Nick nodded looking at me like I'm crazy. “Course, do you”?

“You have no idea how much but I can’t”. I'd love to go on that date with Nick, it would just be such a normal thing for someone my age to do, I crave normal and here it is screaming me in the face, but I can't do that to him, I'll just bring him down and I don't want that.

Nick's disappointment shone and it surprisingly hurt. “What? Why not”?

“I haven’t been here at all this week, I can only guess at the horror of it. I don’t want you to get dragged into my slump, go out with the guys and have some fun. We can go out another time”.

“No way, besides no one drags me down, I’m just gonna have to drag you up”. I smiled.

“Are you sure”?

“Definitely, you want to go home and dump your stuff first”? 

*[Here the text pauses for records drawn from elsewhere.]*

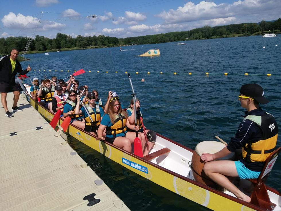 Die gesamte Schulgemeinschaft, Kinder und alle Lehrkräfte waren beim Event „Klasse im Boot“ dem Drachenbootrennen am Ausee in Asten fleißig vertreten.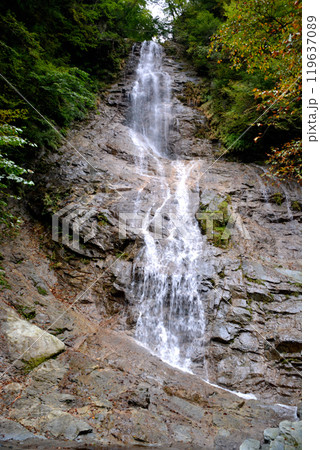 50mと言われる滑らかな岩壁を一筋の雨のように細く長く流れ落ちる雨棚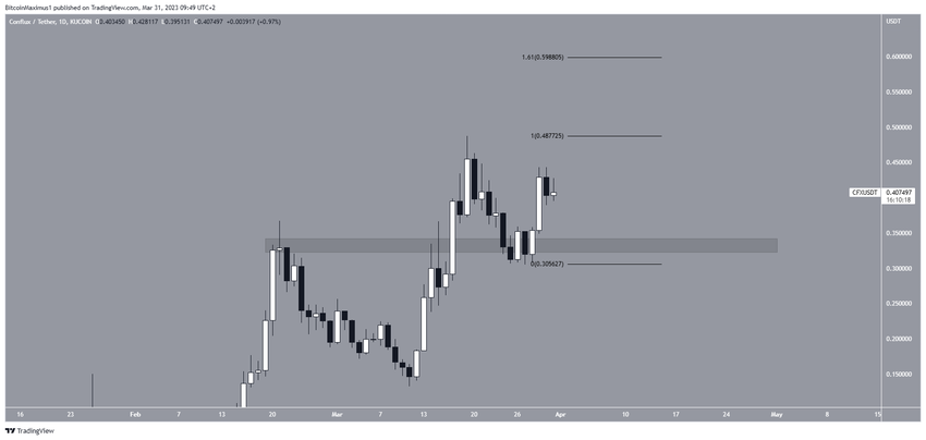 SponsoredSi el aumento continúa, CFX podría aumentar a un máximo de 0.600 dólares, creado por el retroceso externo de Fibonacci de 1.61 de la caída reciente.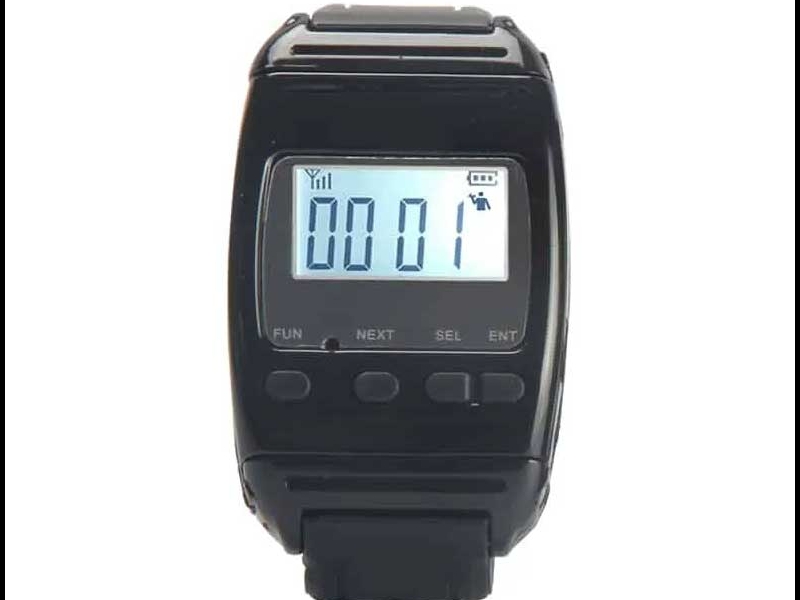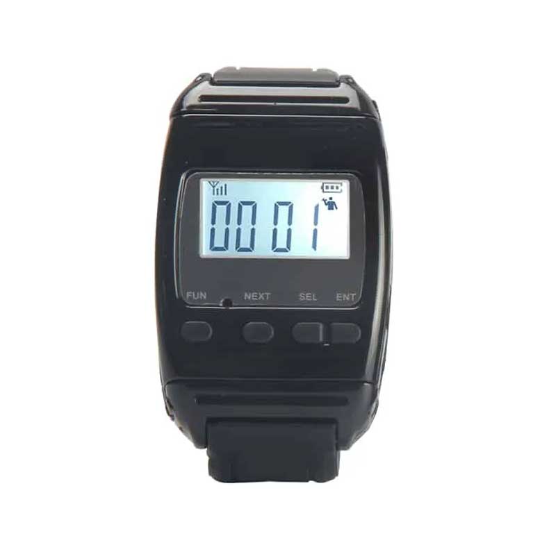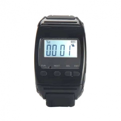 Đồng hồ báo gọi không dây Y-650 dành cho bệnh viện được đeo trên tay của y tá hoặc nhân viên phục vụ.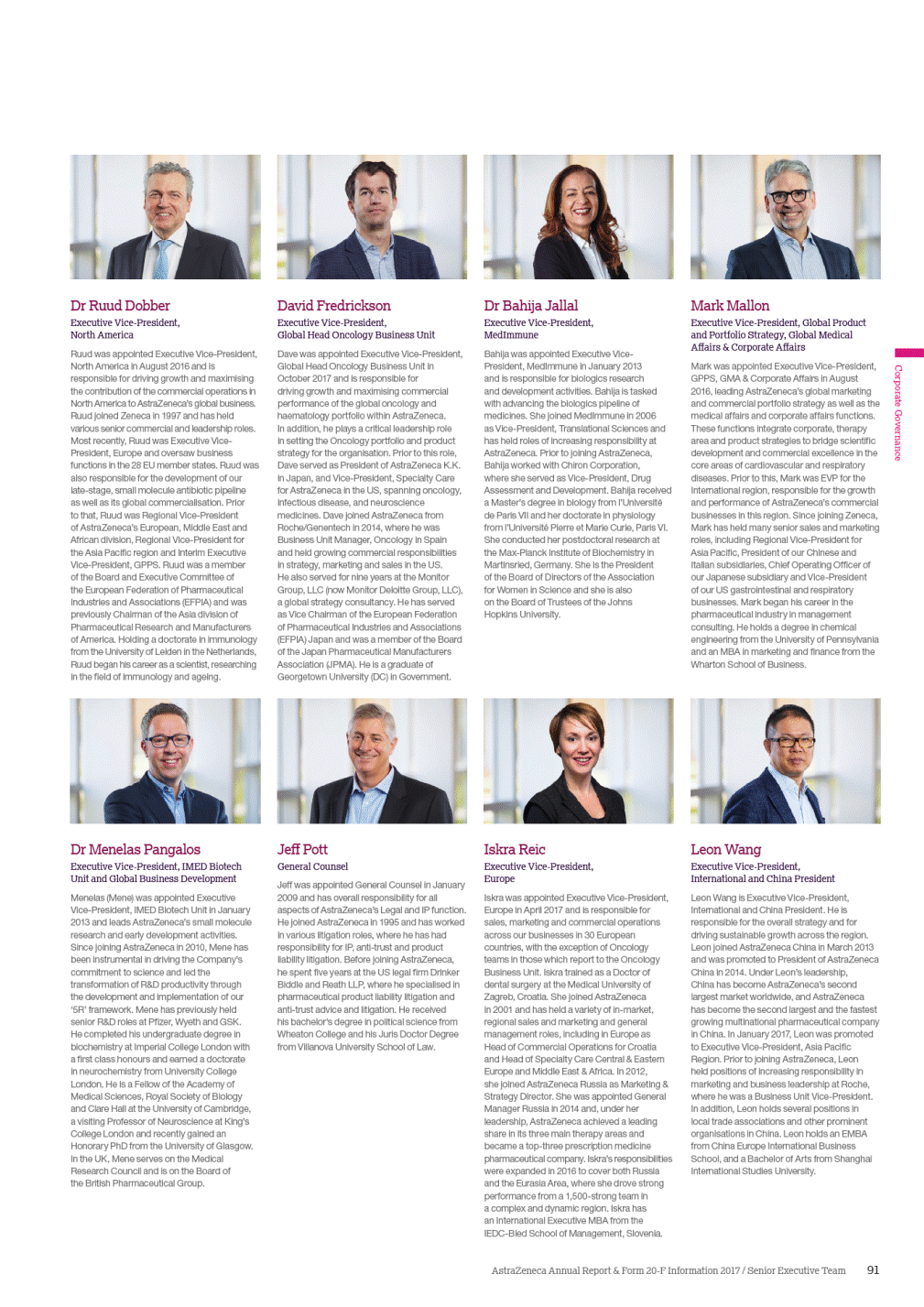 Dr Ruud Dobber Executive Vice-President, North America Ruud was appointed Executive Vice-President, North America in August 2016 and is responsible for driving growth and maximising the contribution of the commercial operations in North America to AstraZeneca’s global business. Ruud joined Zeneca in 1997 and has held various senior commercial and leadership roles. Most recently, Ruud was Executive Vice-President, Europe and oversaw business functions in the 28 EU member states. Ruud was also responsible for the development of our late-stage, small molecule antibiotic pipeline as well as its global commercialisation. Prior to that, Ruud was Regional Vice-President of AstraZeneca’s European, Middle East and African division, Regional Vice-President for the Asia Pacific region and Interim Executive Vice-President, GPPS. Ruud was a member of the Board and Executive Committee of the European Federation of Pharmaceutical Industries and Associations (EFPIA) and was previously Chairman of the Asia division of Pharmaceutical Research and Manufacturers of America. Holding a doctorate in immunology from the University of Leiden in the Netherlands, Ruud began his career as a scientist, researching in the field of immunology and ageing. David Fredrickson Executive Vice-President, Global Head Oncology Business Unit Dave was appointed Executive Vice-President, Global Head Oncology Business Unit in October 2017 and is responsible for driving growth and maximising commercial performance of the global oncology and haematology portfolio within AstraZeneca. In addition, he plays a critical leadership role in setting the Oncology portfolio and product strategy for the organisation. Prior to this role, Dave served as President of AstraZeneca K.K. in Japan, and Vice-President, Specialty Care for AstraZeneca in the US, spanning oncology, infectious disease, and neuroscience medicines. Dave joined AstraZeneca from Roche/Genentech in 2014, where he was Business Unit Manager, Oncology in Spain and held growing commercial responsibilities in strategy, marketing and sales in the US. He also served for nine years at the Monitor Group, LLC (now Monitor Deloitte Group, LLC), a global strategy consultancy. He has served as Vice Chairman of the European Federation of Pharmaceutical Industries and Associations (EFPIA) Japan and was a member of the Board of the Japan Pharmaceutical Manufacturers Association (JPMA). He is a graduate of Georgetown University (DC) in Government. Dr Bahija Jallal Executive Vice-President, MedImmune Bahija was appointed Executive Vice-President, MedImmune in January 2013 and is responsible for biologics research and development activities. Bahija is tasked with advancing the biologics pipeline of medicines. She joined MedImmune in 2006 as Vice-President, Translational Sciences and has held roles of increasing responsibility at AstraZeneca. Prior to joining AstraZeneca, Bahija worked with Chiron Corporation, where she served as Vice-President, Drug Assessment and Development. Bahija received a Master’s degree in biology from l’Université de Paris VII and her doctorate in physiology from l’Université Pierre et Marie Curie, Paris VI. She conducted her postdoctoral research at the Max-Planck Institute of Biochemistry in Martinsried, Germany. She is the President of the Board of Directors of the Association for Women in Science and she is also on the Board of Trustees of the Johns Hopkins University. Mark Mallon Executive Vice-President, Global Product and Portfolio Strategy, Global Medical Affairs & Corporate Affairs Mark was appointed Executive Vice-President, GPPS, GMA & Corporate Affairs in August 2016, leading AstraZeneca’s global marketing and commercial portfolio strategy as well as the medical affairs and corporate affairs functions. These functions integrate corporate, therapy area and product strategies to bridge scientific development and commercial excellence in the core areas of cardiovascular and respiratory diseases. Prior to this, Mark was EVP for the International region, responsible for the growth and performance of AstraZeneca’s commercial businesses in this region. Since joining Zeneca, Mark has held many senior sales and marketing roles, including Regional Vice-President for Asia Pacific, President of our Chinese and Italian subsidiaries, Chief Operating Officer of our Japanese subsidiary and Vice-President of our US gastrointestinal and respiratory businesses. Mark began his career in the pharmaceutical industry in management consulting. He holds a degree in chemical engineering from the University of Pennsylvania and an MBA in marketing and finance from the Wharton School of Business. Dr Menelas Pangalos Executive Vice-President, IMED Biotech Unit and Global Business Development Menelas (Mene) was appointed Executive Vice-President, IMED Biotech Unit in January 2013 and leads AstraZeneca’s small molecule research and early development activities. Since joining AstraZeneca in 2010, Mene has been instrumental in driving the Company’s commitment to science and led the transformation of R&D productivity through the development and implementation of our ‘5R’ framework. Mene has previously held senior R&D roles at Pfizer, Wyeth and GSK. He completed his undergraduate degree in biochemistry at Imperial College London with a first class honours and earned a doctorate in neurochemistry from University College London. He is a Fellow of the Academy of Medical Sciences, Royal Society of Biology and Clare Hall at the University of Cambridge, a visiting Professor of Neuroscience at King’s College London and recently gained an Honorary PhD from the University of Glasgow. In the UK, Mene serves on the Medical Research Council and is on the Board of the British Pharmaceutical Group. Jeff Pott General Counsel Jeff was appointed General Counsel in January 2009 and has overall responsibility for all aspects of AstraZeneca’s Legal and IP function. He joined AstraZeneca

I shook my head, no way do I want to see that place, or have Nick see it either. “Nah, I’m good”.

Beaming, Nick took my hand. “Great, shall we”?

“Yeah”.

Like all the other times that I’ve gone anywhere with Nick we took his bike, I was surprised to find that I had missed it, or rather missed him since I zoned out of the world the past week. I have no idea if he even noticed but I still feel bad, I couldn’t have been good company to keep at all and here he still is, waiting for me like we only arranged this date yesterday, that my zombie like state had never happened.

I held tighter to Nick on the back of his bike then, feeling genuinely happy for the first time in too long. The best thing about Nick is that he is just normal, there’s no secret back story with him and I love it and envy it. Yet there was something undeniably special about him, the way he moves sometimes and how his eyes seem so much wiser than the way he talks, it always makes me laugh.